▶ **Task directions**
Each line from the beginning of the entries below through the line that includes "Suzuki GSXR 600-750" must be returned exactly as given.

▶ **Input material**
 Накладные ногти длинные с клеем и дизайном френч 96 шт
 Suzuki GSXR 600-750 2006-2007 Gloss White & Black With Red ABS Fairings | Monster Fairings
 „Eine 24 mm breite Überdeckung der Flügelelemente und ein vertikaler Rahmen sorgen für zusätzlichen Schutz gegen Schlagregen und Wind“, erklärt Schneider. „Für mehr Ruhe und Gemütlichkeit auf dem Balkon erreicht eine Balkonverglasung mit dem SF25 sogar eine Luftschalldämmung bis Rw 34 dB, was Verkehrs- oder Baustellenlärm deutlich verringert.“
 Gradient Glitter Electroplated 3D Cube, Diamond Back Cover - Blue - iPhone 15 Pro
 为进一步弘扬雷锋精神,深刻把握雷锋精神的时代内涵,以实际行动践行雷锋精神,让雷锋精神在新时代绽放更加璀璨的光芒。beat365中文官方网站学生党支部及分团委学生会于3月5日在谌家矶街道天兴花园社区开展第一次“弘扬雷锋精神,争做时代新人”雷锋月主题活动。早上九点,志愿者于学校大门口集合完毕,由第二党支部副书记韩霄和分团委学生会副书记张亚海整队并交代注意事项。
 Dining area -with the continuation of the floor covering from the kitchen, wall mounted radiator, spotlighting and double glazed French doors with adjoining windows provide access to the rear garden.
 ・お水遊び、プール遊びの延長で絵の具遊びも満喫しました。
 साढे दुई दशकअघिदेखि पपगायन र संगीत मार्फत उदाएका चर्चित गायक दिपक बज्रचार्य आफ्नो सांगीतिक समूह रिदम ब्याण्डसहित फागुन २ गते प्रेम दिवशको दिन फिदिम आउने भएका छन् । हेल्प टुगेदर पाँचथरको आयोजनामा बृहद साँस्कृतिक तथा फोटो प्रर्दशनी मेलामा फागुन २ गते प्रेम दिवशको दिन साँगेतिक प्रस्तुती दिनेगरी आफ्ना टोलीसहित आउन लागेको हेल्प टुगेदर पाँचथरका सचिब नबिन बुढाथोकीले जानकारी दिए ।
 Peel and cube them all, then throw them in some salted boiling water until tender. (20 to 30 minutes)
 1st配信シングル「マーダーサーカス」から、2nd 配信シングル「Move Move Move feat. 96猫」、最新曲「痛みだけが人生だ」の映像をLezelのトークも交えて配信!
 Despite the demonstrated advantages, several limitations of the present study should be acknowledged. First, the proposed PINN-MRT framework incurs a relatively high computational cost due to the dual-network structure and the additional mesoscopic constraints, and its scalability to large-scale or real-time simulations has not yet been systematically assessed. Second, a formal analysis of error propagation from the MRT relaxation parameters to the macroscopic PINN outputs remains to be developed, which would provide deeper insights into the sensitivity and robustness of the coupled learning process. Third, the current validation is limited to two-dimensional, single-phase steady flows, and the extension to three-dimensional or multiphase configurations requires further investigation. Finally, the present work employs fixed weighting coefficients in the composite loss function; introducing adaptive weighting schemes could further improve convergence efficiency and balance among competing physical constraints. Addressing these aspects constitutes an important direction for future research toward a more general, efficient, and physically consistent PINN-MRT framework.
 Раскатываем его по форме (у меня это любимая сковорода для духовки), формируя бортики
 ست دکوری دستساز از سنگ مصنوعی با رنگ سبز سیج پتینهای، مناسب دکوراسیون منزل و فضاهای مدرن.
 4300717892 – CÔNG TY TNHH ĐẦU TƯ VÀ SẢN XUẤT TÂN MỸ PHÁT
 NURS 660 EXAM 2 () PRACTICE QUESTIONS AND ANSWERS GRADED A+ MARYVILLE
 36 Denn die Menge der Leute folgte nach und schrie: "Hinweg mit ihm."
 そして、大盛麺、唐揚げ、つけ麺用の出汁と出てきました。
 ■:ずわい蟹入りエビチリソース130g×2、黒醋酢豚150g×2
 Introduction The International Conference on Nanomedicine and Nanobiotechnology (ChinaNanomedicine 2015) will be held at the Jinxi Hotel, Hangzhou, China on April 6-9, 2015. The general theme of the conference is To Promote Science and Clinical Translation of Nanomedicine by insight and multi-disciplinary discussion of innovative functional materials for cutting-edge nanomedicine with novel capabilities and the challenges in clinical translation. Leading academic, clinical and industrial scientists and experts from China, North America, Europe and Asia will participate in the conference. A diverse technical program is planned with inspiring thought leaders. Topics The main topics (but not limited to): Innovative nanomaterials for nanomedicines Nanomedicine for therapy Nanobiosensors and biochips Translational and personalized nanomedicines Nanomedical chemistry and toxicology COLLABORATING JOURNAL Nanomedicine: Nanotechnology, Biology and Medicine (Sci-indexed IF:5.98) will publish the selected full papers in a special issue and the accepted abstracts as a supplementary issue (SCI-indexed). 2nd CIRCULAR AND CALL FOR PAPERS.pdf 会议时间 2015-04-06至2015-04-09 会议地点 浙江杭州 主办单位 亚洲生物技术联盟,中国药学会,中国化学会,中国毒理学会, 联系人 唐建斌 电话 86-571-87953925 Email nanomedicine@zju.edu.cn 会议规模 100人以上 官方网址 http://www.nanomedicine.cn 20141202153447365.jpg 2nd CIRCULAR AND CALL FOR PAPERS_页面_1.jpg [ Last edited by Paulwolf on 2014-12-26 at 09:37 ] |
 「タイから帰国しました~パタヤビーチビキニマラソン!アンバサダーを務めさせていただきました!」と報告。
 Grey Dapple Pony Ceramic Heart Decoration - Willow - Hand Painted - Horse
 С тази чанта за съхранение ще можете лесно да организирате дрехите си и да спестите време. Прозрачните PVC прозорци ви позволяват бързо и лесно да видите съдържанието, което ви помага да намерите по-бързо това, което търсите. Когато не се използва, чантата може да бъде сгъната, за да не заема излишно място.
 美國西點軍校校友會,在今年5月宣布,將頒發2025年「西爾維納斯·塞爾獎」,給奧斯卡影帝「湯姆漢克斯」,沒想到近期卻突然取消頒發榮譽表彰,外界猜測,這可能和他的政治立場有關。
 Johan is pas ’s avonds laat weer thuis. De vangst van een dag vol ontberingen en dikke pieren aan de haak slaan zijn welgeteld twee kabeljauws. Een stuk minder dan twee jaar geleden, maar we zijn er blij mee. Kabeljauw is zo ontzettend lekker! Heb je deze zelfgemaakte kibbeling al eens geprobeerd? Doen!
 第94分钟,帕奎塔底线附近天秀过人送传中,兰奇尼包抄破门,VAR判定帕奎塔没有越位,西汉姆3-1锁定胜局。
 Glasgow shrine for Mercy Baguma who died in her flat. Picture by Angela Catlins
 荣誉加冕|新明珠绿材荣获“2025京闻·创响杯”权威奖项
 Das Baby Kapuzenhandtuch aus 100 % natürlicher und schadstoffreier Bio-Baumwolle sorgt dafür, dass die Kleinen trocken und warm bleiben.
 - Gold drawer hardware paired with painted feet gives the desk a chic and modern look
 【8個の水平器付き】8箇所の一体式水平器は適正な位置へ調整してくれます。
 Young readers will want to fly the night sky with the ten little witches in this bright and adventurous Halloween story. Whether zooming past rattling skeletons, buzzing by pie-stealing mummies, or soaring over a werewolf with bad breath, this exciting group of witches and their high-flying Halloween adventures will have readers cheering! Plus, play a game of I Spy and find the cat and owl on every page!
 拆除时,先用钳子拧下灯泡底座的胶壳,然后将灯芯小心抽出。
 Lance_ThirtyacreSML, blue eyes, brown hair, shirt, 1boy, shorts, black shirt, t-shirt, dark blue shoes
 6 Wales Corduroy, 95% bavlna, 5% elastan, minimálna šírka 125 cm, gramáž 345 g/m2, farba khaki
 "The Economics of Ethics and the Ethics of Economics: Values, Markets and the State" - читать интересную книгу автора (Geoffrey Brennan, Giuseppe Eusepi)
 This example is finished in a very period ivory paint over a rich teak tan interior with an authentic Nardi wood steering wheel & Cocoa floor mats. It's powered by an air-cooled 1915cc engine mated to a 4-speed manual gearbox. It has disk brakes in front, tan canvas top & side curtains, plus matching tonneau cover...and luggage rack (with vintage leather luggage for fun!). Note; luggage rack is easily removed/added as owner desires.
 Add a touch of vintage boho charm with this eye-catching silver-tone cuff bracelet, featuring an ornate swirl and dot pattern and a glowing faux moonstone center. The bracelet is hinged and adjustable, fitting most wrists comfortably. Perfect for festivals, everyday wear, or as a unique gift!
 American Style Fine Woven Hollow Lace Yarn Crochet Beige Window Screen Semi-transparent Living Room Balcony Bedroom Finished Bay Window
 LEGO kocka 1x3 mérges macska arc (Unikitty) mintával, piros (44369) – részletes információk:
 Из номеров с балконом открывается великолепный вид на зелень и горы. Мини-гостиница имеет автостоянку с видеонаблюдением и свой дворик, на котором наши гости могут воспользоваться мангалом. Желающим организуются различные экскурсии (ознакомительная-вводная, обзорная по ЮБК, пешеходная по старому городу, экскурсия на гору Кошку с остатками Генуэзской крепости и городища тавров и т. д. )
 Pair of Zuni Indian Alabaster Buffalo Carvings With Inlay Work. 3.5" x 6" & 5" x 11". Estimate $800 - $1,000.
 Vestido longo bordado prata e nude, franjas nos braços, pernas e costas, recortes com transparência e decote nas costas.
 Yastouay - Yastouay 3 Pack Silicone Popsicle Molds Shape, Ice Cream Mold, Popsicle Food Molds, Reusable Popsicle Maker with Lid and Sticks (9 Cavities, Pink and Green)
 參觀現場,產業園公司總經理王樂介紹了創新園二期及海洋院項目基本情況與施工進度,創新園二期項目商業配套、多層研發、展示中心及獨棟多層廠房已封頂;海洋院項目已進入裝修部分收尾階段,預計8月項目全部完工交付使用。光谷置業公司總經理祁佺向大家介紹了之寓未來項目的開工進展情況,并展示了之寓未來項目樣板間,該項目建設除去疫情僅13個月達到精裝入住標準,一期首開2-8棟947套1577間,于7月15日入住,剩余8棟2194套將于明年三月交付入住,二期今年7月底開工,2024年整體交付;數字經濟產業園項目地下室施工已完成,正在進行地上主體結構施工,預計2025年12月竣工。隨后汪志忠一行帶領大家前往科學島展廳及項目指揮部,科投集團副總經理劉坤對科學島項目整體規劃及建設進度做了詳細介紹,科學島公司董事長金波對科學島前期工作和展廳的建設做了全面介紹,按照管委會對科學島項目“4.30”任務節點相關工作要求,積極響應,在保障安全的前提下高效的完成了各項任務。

▶ **Response**
 Накладные ногти длинные с клеем и дизайном френч 96 шт
 Suzuki GSXR 600-750 2006-2007 Gloss White & Black With Red ABS Fairings | Monster Fairings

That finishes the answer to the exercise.